Data section:
# # # # #
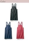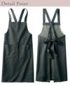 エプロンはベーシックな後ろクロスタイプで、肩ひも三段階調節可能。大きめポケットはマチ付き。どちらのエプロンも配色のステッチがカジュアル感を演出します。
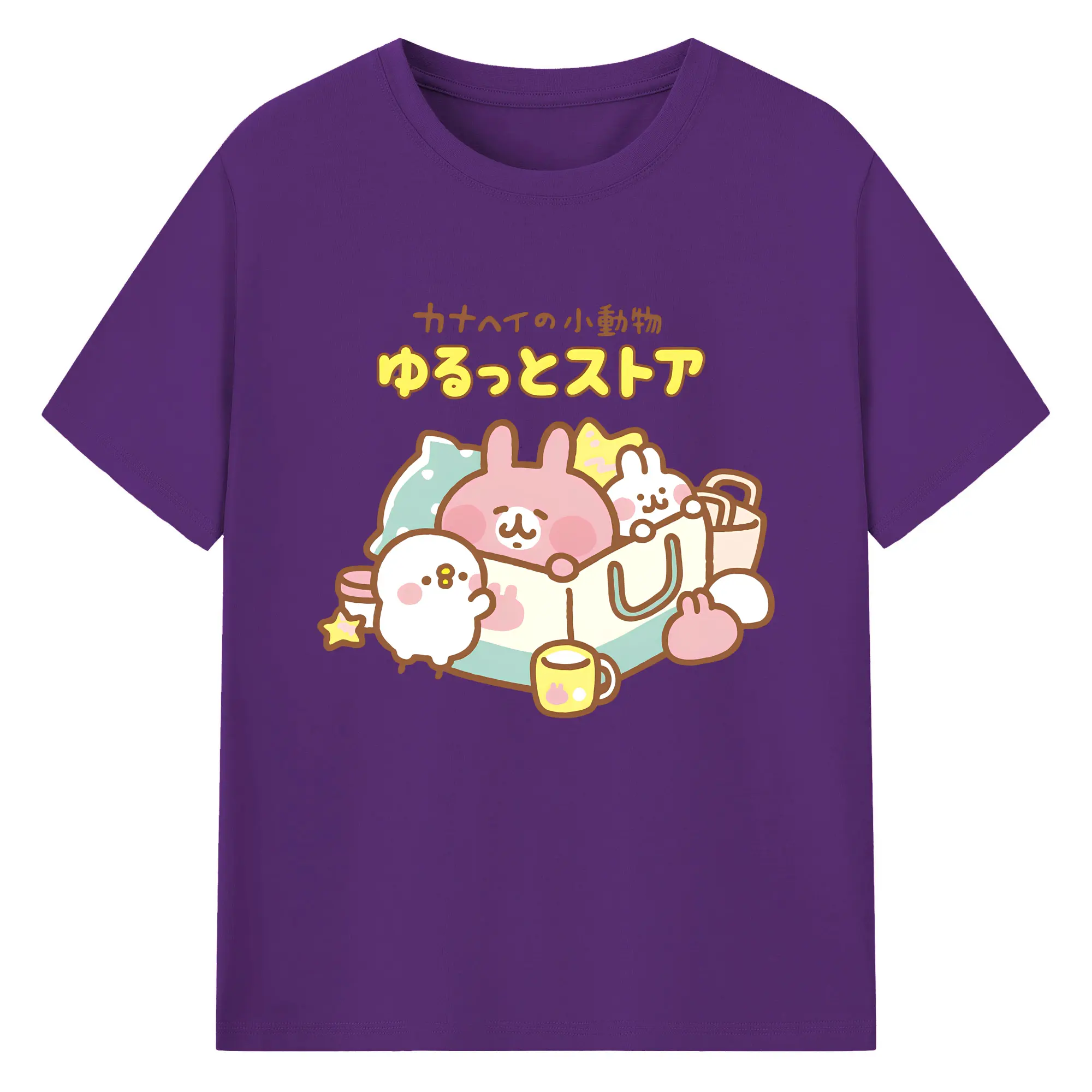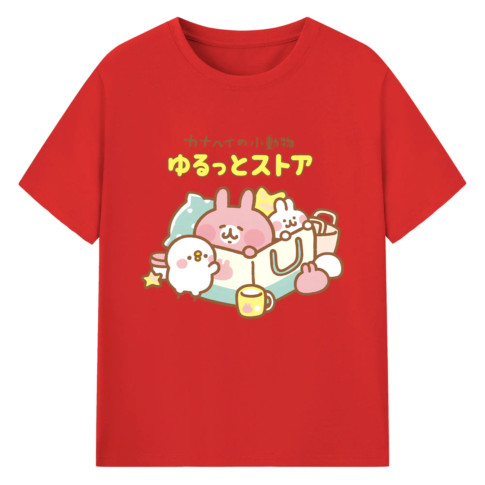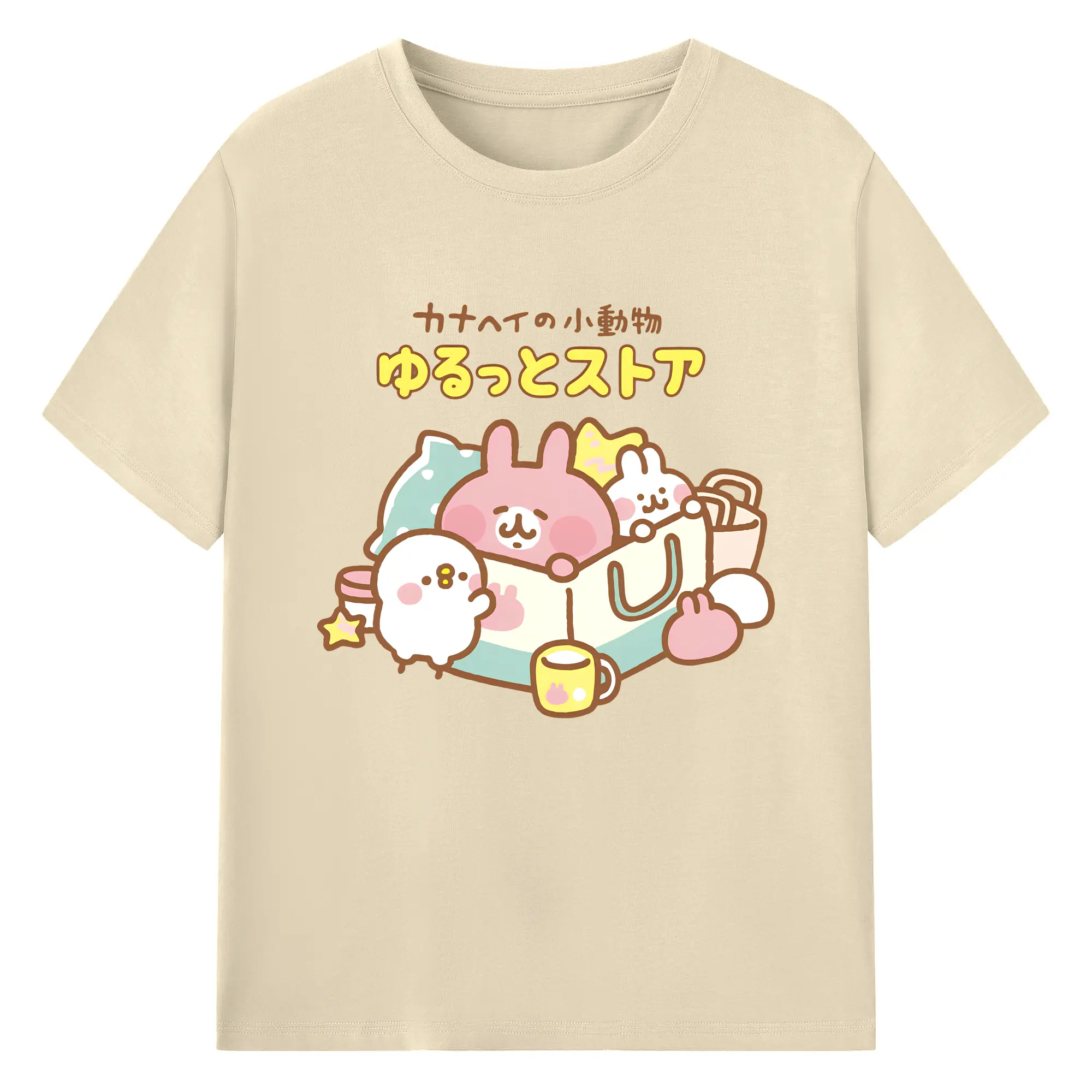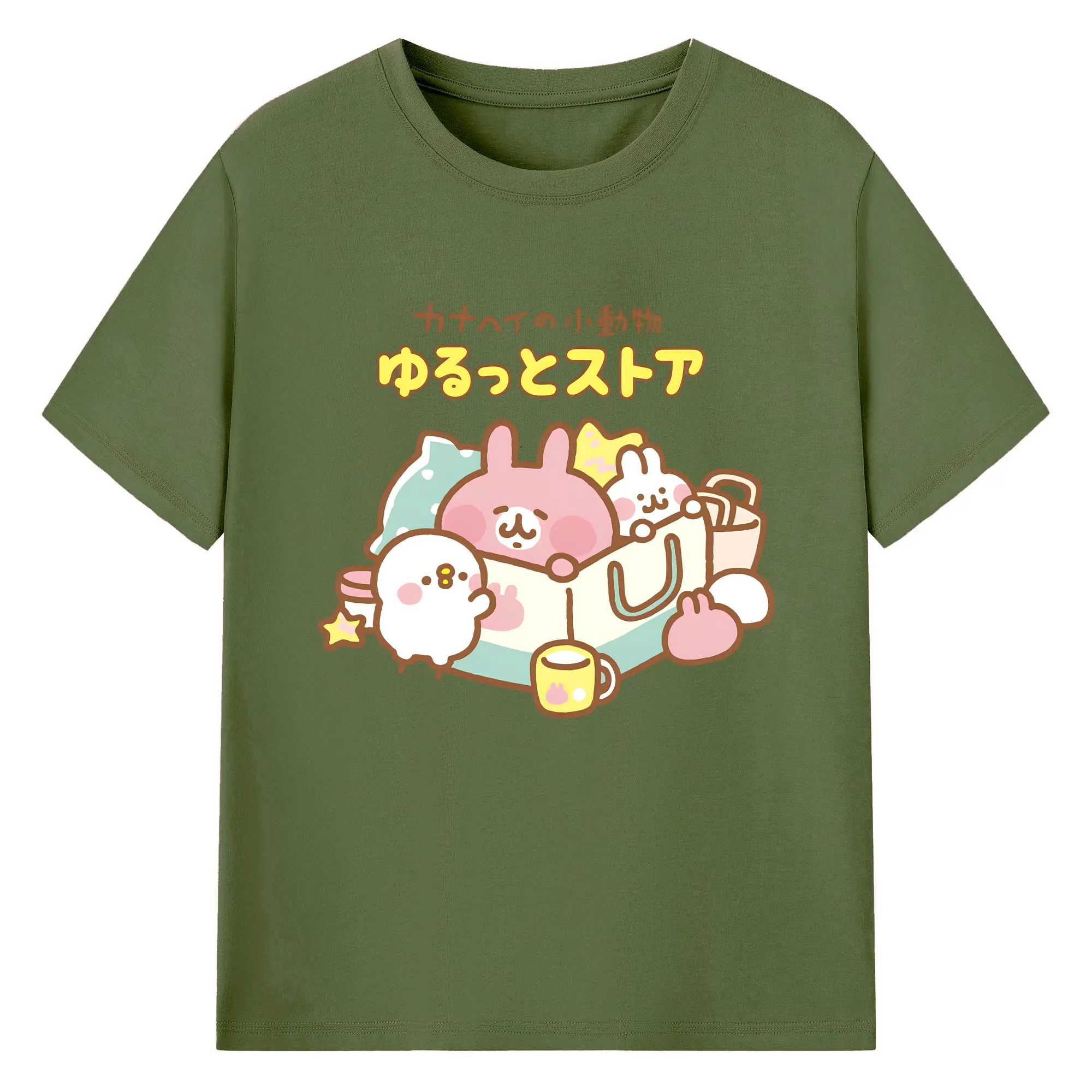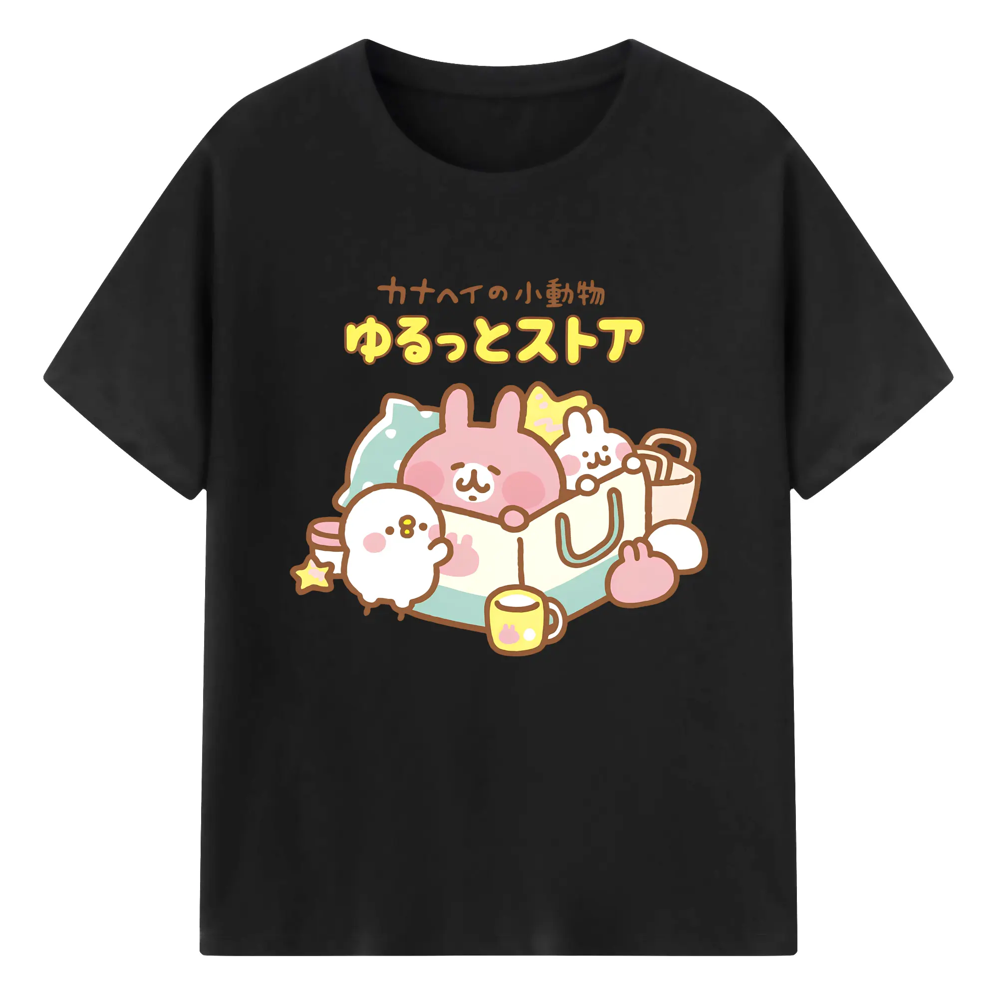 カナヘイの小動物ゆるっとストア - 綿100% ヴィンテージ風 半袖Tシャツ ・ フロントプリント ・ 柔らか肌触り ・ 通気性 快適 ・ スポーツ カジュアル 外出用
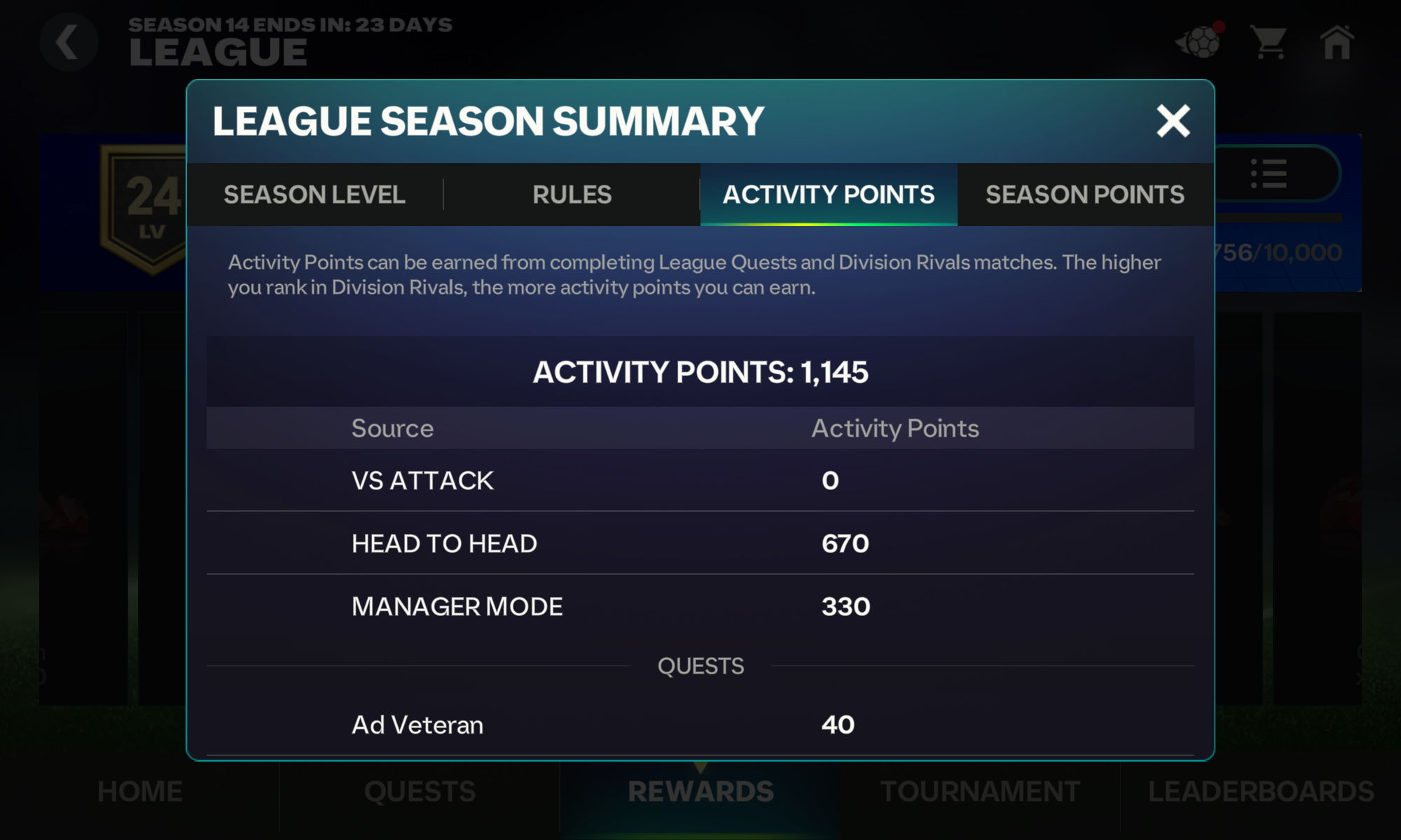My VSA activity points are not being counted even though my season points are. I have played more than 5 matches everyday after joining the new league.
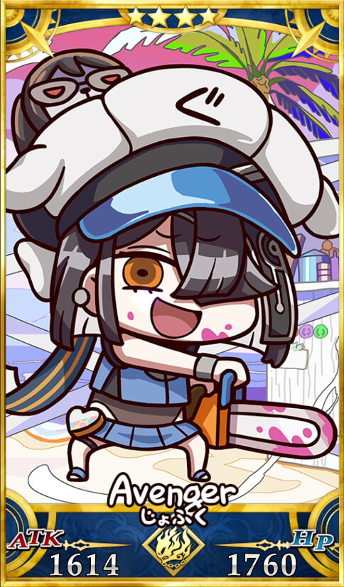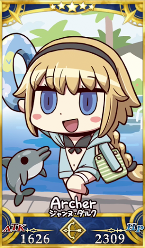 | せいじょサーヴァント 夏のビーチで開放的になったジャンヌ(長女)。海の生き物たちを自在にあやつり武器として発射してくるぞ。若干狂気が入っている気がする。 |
# # # # #
Your goal: Beginning with the line containing "My VSA activity" and ending with the last line of the data, output those lines exactly and nothing more. Omit every picture.

Response below:
My VSA activity points are not being counted even though my season points are. I have played more than 5 matches everyday after joining the new league.
 | せいじょサーヴァント 夏のビーチで開放的になったジャンヌ(長女)。海の生き物たちを自在にあやつり武器として発射してくるぞ。若干狂気が入っている気がする。 |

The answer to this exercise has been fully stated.